■ Your assignment ■
In the data below, set down exactly the lines from the one containing "SENIOR LIVING COMMUNITY 16850" up to and including the one containing "Heart Shaped Tealight Set of 6 HTC6". Leave the pictures out.

■ Records to use ■
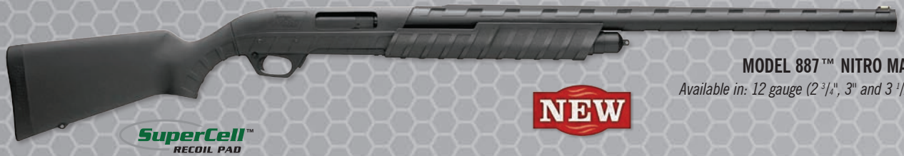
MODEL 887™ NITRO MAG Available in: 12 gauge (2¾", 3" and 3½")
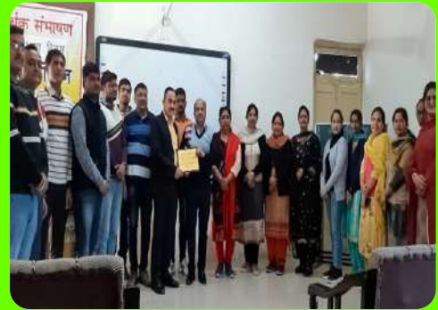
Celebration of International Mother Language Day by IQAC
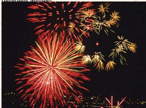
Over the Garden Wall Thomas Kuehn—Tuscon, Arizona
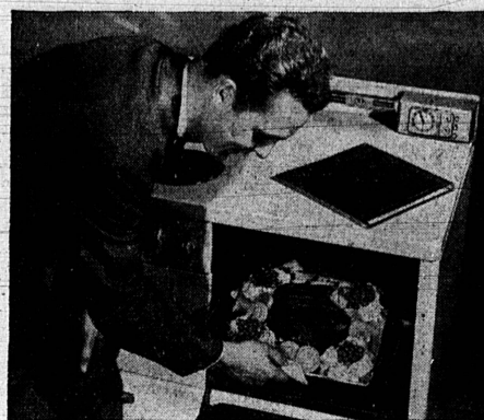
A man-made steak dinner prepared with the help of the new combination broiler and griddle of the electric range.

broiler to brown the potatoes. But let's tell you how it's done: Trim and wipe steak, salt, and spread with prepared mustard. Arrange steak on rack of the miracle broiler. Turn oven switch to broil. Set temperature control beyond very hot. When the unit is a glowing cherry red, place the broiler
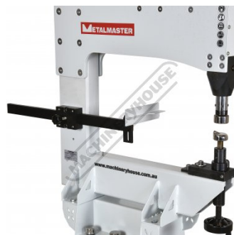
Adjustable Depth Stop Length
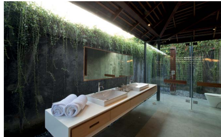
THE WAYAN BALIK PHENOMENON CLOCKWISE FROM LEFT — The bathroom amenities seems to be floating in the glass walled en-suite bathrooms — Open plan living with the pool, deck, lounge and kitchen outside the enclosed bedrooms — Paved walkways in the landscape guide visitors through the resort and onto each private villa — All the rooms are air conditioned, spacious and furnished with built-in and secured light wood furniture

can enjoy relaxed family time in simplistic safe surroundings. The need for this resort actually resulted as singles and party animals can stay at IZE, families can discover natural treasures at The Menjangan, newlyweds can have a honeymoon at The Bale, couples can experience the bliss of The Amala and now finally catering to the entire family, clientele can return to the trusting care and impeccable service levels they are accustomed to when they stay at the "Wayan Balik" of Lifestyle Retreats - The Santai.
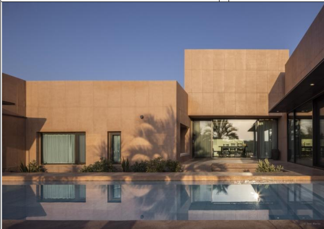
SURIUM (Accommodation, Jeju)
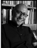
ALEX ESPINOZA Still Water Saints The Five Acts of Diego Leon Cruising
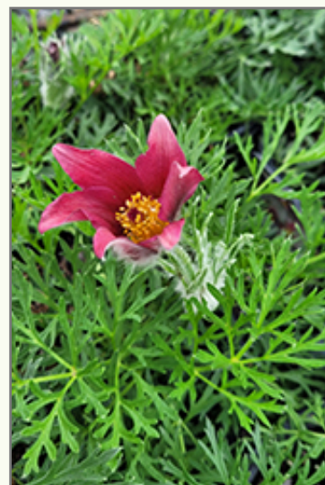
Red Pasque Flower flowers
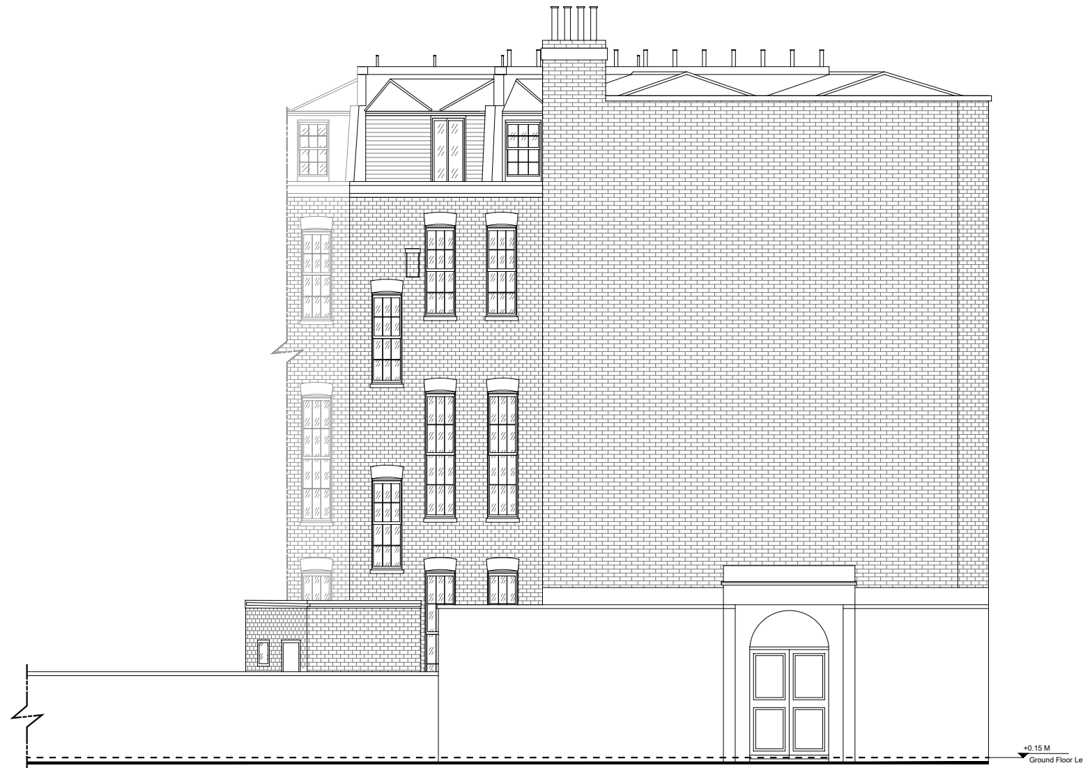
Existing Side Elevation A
---
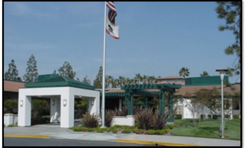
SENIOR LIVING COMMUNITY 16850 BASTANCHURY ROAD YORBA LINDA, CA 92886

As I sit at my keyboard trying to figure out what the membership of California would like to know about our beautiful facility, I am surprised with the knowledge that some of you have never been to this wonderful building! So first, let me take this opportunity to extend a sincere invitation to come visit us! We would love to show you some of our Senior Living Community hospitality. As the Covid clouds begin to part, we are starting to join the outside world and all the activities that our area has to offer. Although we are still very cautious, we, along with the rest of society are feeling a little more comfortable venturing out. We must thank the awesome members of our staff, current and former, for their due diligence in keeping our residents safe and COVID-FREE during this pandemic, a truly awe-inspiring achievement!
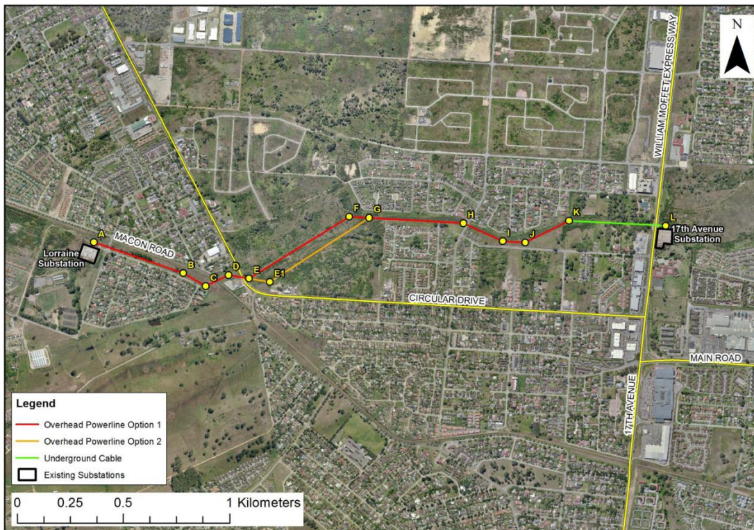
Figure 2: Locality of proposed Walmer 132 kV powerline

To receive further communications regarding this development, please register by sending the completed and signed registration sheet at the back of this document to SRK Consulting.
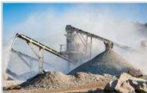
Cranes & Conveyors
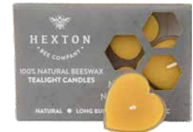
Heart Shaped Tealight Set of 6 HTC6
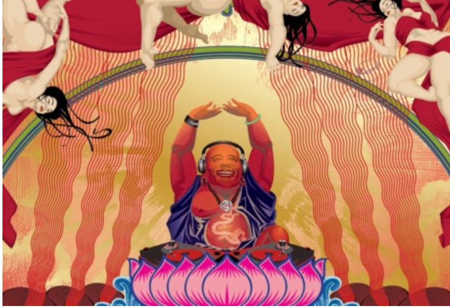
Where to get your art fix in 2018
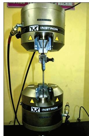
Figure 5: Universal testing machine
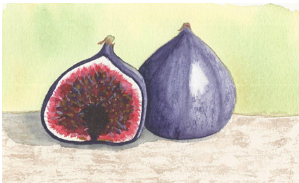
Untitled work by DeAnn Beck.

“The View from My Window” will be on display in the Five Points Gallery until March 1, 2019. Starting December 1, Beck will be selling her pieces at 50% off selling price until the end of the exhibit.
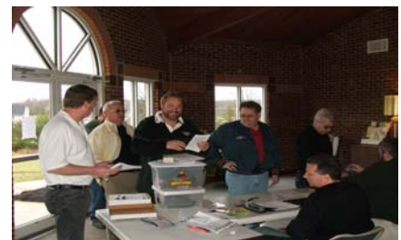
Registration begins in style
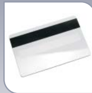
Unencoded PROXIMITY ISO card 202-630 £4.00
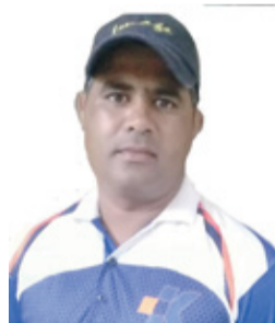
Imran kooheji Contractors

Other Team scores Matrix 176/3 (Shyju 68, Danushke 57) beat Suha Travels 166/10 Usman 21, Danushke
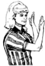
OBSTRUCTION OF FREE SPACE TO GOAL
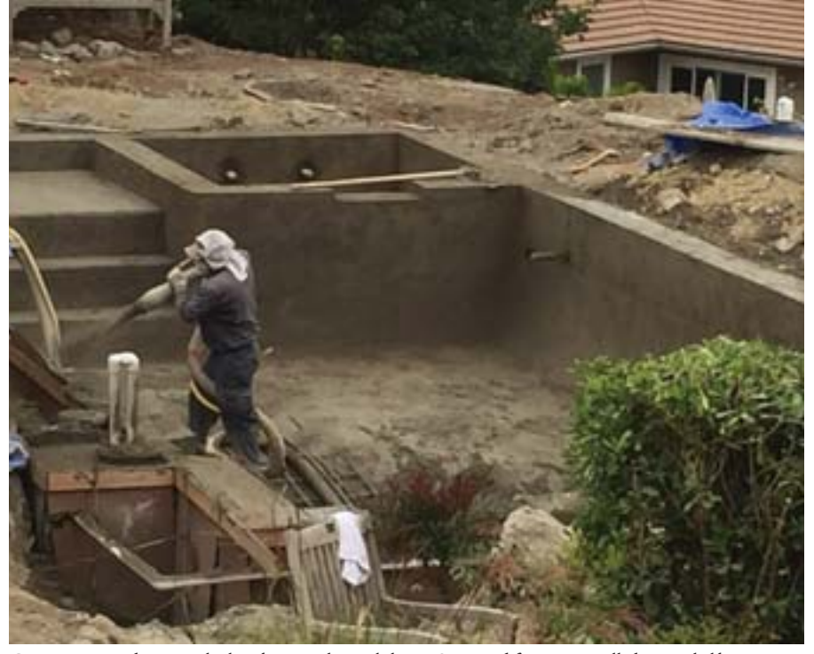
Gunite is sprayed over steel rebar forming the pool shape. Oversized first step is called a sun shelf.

■ Answer space ■
SENIOR LIVING COMMUNITY 16850 BASTANCHURY ROAD YORBA LINDA, CA 92886

As I sit at my keyboard trying to figure out what the membership of California would like to know about our beautiful facility, I am surprised with the knowledge that some of you have never been to this wonderful building! So first, let me take this opportunity to extend a sincere invitation to come visit us! We would love to show you some of our Senior Living Community hospitality. As the Covid clouds begin to part, we are starting to join the outside world and all the activities that our area has to offer. Although we are still very cautious, we, along with the rest of society are feeling a little more comfortable venturing out. We must thank the awesome members of our staff, current and former, for their due diligence in keeping our residents safe and COVID-FREE during this pandemic, a truly awe-inspiring achievement!
Figure 2: Locality of proposed Walmer 132 kV powerline

To receive further communications regarding this development, please register by sending the completed and signed registration sheet at the back of this document to SRK Consulting.
Cranes & Conveyors
Heart Shaped Tealight Set of 6 HTC6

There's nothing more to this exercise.